Bij algemene maatregel van bestuur kan worden bepaald dat het bij plaatselijke verordening vastgestelde tarief, bedoeld in het vijfde lid, verminderd met de vergoeding, bedoeld in
artikel 121, eerste lid, een in die maatregel te bepalen bedrag niet te boven gaat.

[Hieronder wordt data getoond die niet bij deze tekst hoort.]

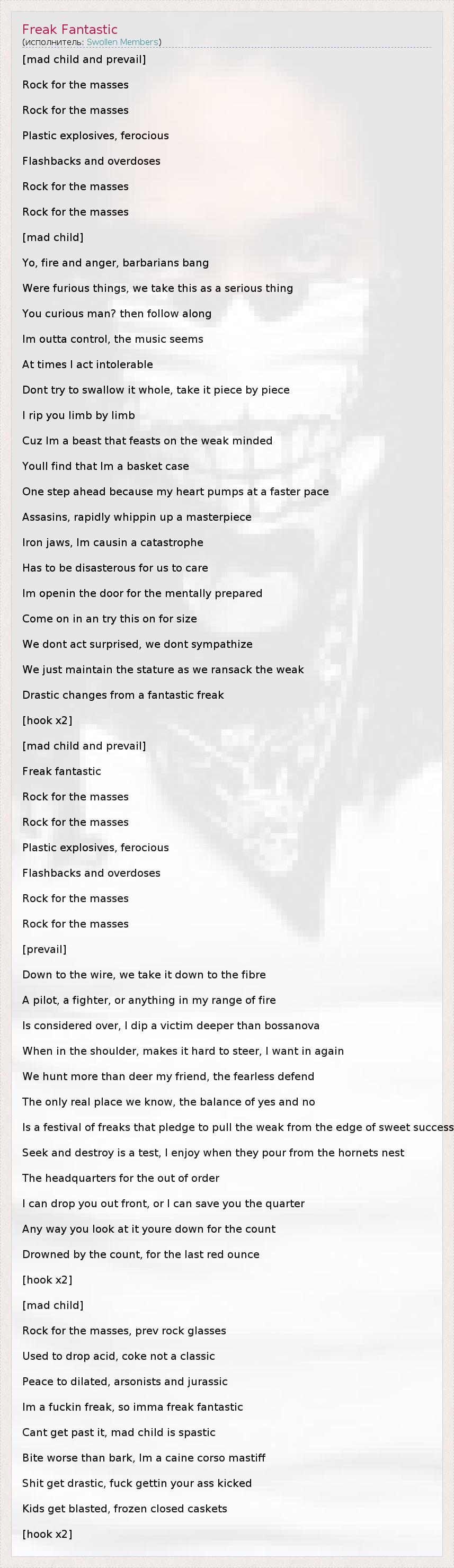 Это интересно:Swollen Members (Своллэн Мэмберс) - канадская хип-хоп группа из города Ванкувер, Британская Колумбия, состоящая в основном из дуэта Madchild и Prevail. Часто, в состав группы включают вокалиста Moka Only (который был фактически членом группы в течение короткого периода времени в 90-х годах, а затем в 2002-2005 годах) и продюсера Rob The Viking,... продолжение

Dat bedrag kan bij ministeriële regeling worden gewijzigd voor zover de consumentenprijsindex daartoe aanleiding geeft.
7.
Voor zover dit noodzakelijk is ten behoeve van het onderzoek naar de rijvaardigheid en geschiktheid, bedoeld in het eerste lid, onder b, worden door het met dat onderzoek belaste gezag persoonsgegevens betreffende iemands rijvaardigheid en gezondheid verwerkt.
1.
Onverminderd
artikel 111 wordt een rijbewijs niet afgegeven aan degene:
a.
aan wie de bevoegdheid tot het besturen van motorrijtuigen is ontzegd, voor de duur van de ontzegging;
b.
van wie ingevolge een der
artikelen 130, tweede lid, of
164 de overgifte van dat bewijs is gevorderd dan wel wiens rijbewijs is ingevorderd en aan wie dat bewijs niet is teruggegeven;
c.
ten aanzien van wie ingevolge
artikel 131, tweede lid, onderdeel a, de geldigheid van het rijbewijs is geschorst, voor de categorie of categorieën van motorrijtuigen waarop de schorsing betrekking heeft, voor de duur van de schorsing;
d.
van wie ingevolge de
Wet administratiefrechtelijke handhaving verkeersvoorschriften de inlevering van het rijbewijs is gevorderd dan wel wiens rijbewijs krachtens die wet is ingenomen;
e.
van wie is gebleken dat die houder is van een rijbewijs, afgegeven door het daartoe bevoegde gezag in een andere Lid-Staat van de Europese Gemeenschappen of in een andere Staat die partij is bij de Overeenkomst betreffende de Europese Economische Ruimte of Zwitserland, tenzij de afgifte van een rijbewijs plaatsvindt tegen overlegging van dat rijbewijs;
f.
ten aanzien van wie is gebleken dat in een andere lidstaat van de Europese Unie of een andere staat die partij is bij de Overeenkomst betreffende de Europese Economische Ruimte of Zwitserland het rijbewijs is geschorst of een beperkende maatregel met betrekking tot het rijbewijs of de rijbevoegdheid onherroepelijk is geworden, tenzij is voldaan aan bij algemene maatregel van bestuur gestelde voorwaarden.
2.
Voor de toepassing van het eerste lid, onderdelen, b, c, d en f, wordt onder rijbewijs mede verstaan een rijbewijs, afgegeven door het daartoe bevoegde gezag buiten Nederland, waarvan de houder in Nederland woonachtig is.